Our structures show that a misincorporated nucleotide located in the postinsertion site can also destabilize the interface between the Thumb and Palm domains. This mobilizes the Thumb domain and sets the stage for activity switching and proofreading in Pol ε, for which we propose a three-step mechanism that is based on two intermediate conformers.

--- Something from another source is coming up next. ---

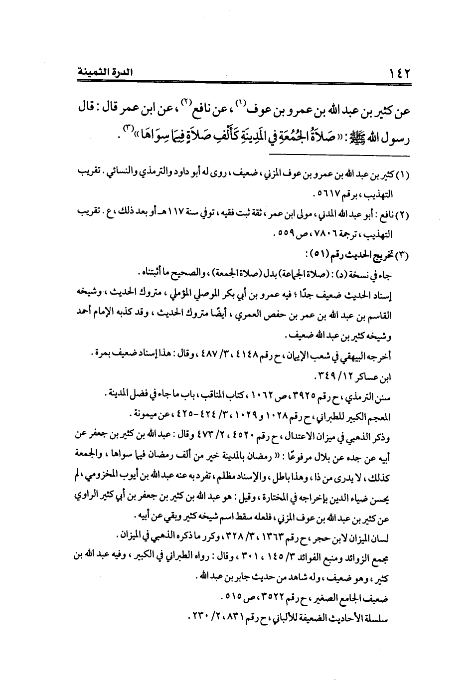 عن كثير بن عبد الله بن عمرو بن عوف (¬١)، عن نافع (¬٢)، عن ابن عمر قال: قال رسول الله صلى الله عليه وسلم: ((صَلَاةُ الجُمُعَةِ في المَدِينَةِ كَأَلْفِ صَلَاةٍ فِيمَا سِوَاهَا)) (¬٣).

The mechanism involves repeated handover of the DNA double helix inside the hand architecture of Pol ε that is coupled to forward translocation and backtracking movements, while the continuous coordination of the nascent DNA strand near its terminus guides the DNA substrate between pol and exo active sites. The mismatched substrate triggers a large movement of the Thumb domain that expulses the DNA substrate from the pol site and shifts Pol ε into a distinct Polymerase Arrest state in which further extension past the mismatch is prevented and the junction between template and nascent strands becomes destabilized through backbone distortion. In the subsequent transition into the Frayed Substrate state, the DNA double helix is released from the tip of the Thumb and handed over to the P domain, while transient forward translocation allows the erroneous 3ʹ end to pass underneath the separating wedge helix and become physically separated from the template strand. The third step marks the transition to the Mismatch Excision conformer, in which the DNA substrate is channeled deeper into the Exo domain cavity. The transition involves a handover of the DNA from the P domain back to the Thumb combined with a 1-bp backtracking movement of Pol ε, which results in the separation of a third base pair between nascent strand and template. Unlike most B-family Pols, Pol ε lacks the extended β-hairpin loop that was proposed to stabilize the nascent strand in the exo site and aid in processivity during proofreading (Extended Data Fig. 2h)17,49,60. Instead, our data reveal a substantial involvement of the unique P domain that, together with the Thumb, channels the erroneous base toward the exo site to position Pol ε for mismatch excision.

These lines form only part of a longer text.